Однажды вечером перед сном Варя увидела, как отец понес в хату большущий камень, который всегда лежал у них в кладовой. Если совершал какую-нибудь ошибку или что-то забывал, Павел Серафимович всегда доставал камень и клал его себе в постель вместо подушки. Так и спал, положив голову на камень, а под ноги подкладывал подушку. Когда Варя была ребенком, однажды спросила отца:
– Папа, зачем вы положили подушку в ноги, а камень под голову?
– Когда голова глупа и все забывает, – объяснил он, – придется бедным ножкам вдвое больше топать.

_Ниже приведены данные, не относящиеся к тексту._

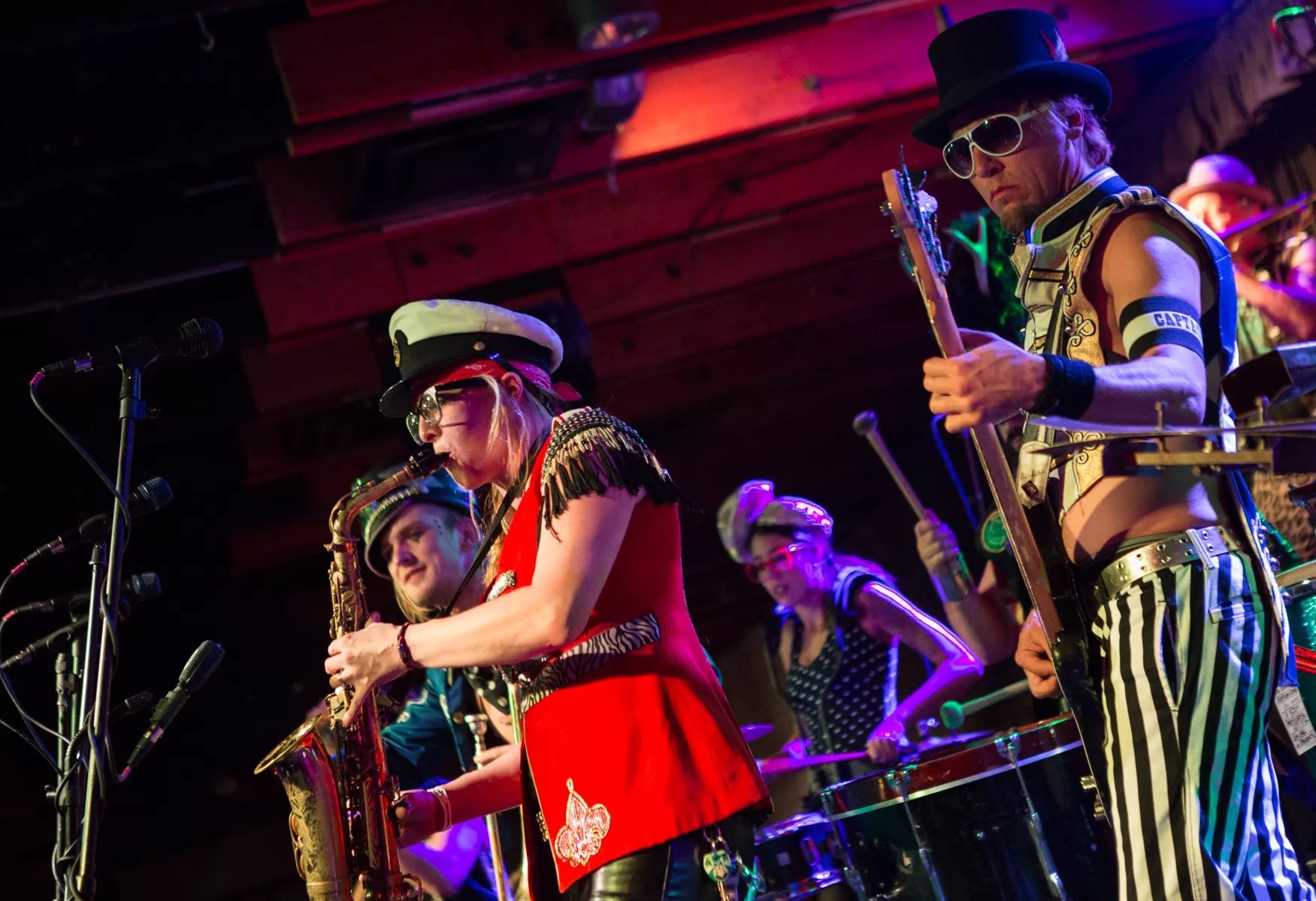 What started in Portland, Oregon, as a Fat Tuesday party back in 2003 has evolved into a must-see national act. MarchFourth’s high-energy and rousing sounds bring to light the deepest grooves of funk, swing, rock, and jazz, and their style pulls from an array of influences, like Sergeant Pepper leading a freaky Cirque du Soleil performance from the bandstand or European Gypsy camps stumbling upon the rhythms of Brazilian jungle tribes.

Поэтому пусть ноги отдохнут, а голова помучается, чтобы в дальнейшем лучше думала и ничего не забывала.
Тогда Варе было непонятно чудачество отца. Уже позже она поняла его философию. Иногда он спал на камне, когда нужно было принять какое-то важное решение.

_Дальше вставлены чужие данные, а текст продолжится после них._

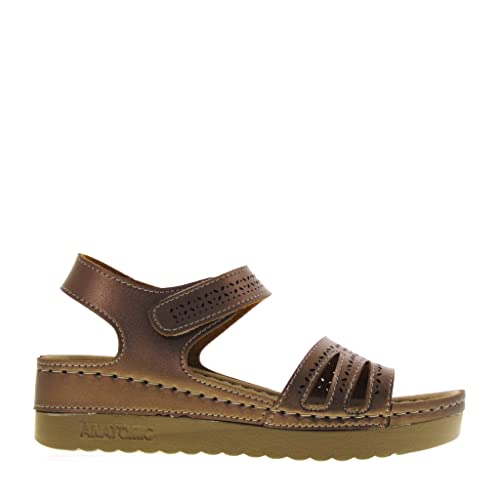 Riposella 00011 Sandali Sportivi Donna Pelle Sintetica Bronzo Tacco Zeppa 5Cm Suola Gomma

– Так лучше думается, – объяснил отец.
– Да какие же мысли могут прийти в голову, когда так давит? – спросила Варя.
– Правильные мысли. Придет ли на ум что-нибудь путевое, если мягкая подушка сон насылает?
Была еще одна странность у Павла Серафимовича. Едва сходил с земли снег, он снимал обувь и прятал ее до самых морозов. Так и ходил босой и по пахоте, и по стерне, и по лужам. И бесполезно было с ним спорить – как решил, так и сделает.
– Заболеешь же, обуйся! – иногда говорила мать, хотя знала: к ее словам муж не прислушивается.
– Не заболею, – отвечал он. – А если болезнь зацепит, то земля вылечит лучше любого врача.
И правда, Павел Серафимович никогда не простужался. Однако обувь он иногда доставал, чтобы сходить в ней в церковь. Вышел оттуда – сразу же разулся. Односельчане порой насмехались над такой прихотью Павла Серафимовича, называя его скрягой. Однако мужчина лишь шутил, мол, сапоги дорого стоят.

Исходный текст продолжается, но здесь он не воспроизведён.